I remember after that first appearance speaking to another, more established writer, and after congratulating me on my story getting in they warned me to be careful. “Steve is fickle, and he goes cold on writers”. So I was careful, but I have to say that was never my experience. Few people have been as constantly supportive as Steve. And I know I’m not the only writer who has felt this way. When he likes your work, when he likes your professionalism, he wants to do what he can to help you.

Here’s another thing about Steve’s run with BEST NEW HORROR: he knows his stuff. He knows Horror. And, maybe as importantly, he likes Horror. Likes different kinds of Horror. What you find in this series that I don’t think you find in many others of its kind is an affinity for the genre and its breadth. If you read year-by-year you get a more accurate assessment of how the genre has shifted and the various ideas that have rippled through it. There’s a context embedded in his view of Horror that is missing in some of the other, lesser imitators that have followed since. I’ve always appreciated that deep understanding of the genre, which is a big reason why I’m sad the series is going away, even if I understand it’s time has probably come.

Because that’s the thing, isn’t it? Time? Time changes everything, even Horror fiction, which as been unfortunately resistant to time’s changes. A lot of it is built on foundations erected in the 70s/80s/90s and stubbornly wants to stay there. For every innovative and experimental writer that joins the field, there’s a score that just want to retell the same stories they grew up with, maybe in a different way. I’m not going to say Steve Jones never included any writer like that in BNH, but more often than not he saw the new voices coming and wasn’t afraid to bring them to light. Even in this last volume there are writers who have never had their work in a best-of before, writers just learning their craft. It’s a commendable accomplishment, this series, and speaking for myself, a transformative one.

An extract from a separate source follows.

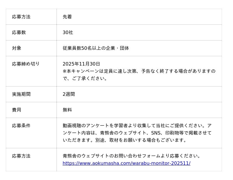 株式会社青熊舎(所在地:東京都港区、代表取締役:太田真人、以下「青熊舎」)は、急増するランサムウェア被害への対策として、従業員の行動変容を促す研修動画『WARABU 二重脅迫型ランサムウェア編』の30社限定無料モニター企業を募集します。

But time passing means changes come whether you want them to or not. People get older, the number of aspiring writers grows, and what once was the only game in town eventually gets overrun by others doing the same, doing it differently. Doing it cheaper. I don’t how much longer there will be a market for a book like BEST NEW HORROR. I’m hopeful I’m wrong about this (I am an Eeyore, after all), but the field looks to me due for an implosion of gatekeepers showing us what’s worth spending our time on, leaving us to our own devices to sift through all the debris. If that is indeed coming, better to get out now while the getting’s good.

So, I suppose, all of this is a raising of the glass to Stephen Jones for 31+ years of hard work. Steve, you created something of importance here. Let’s all take a drink and hope it lasts the test of time.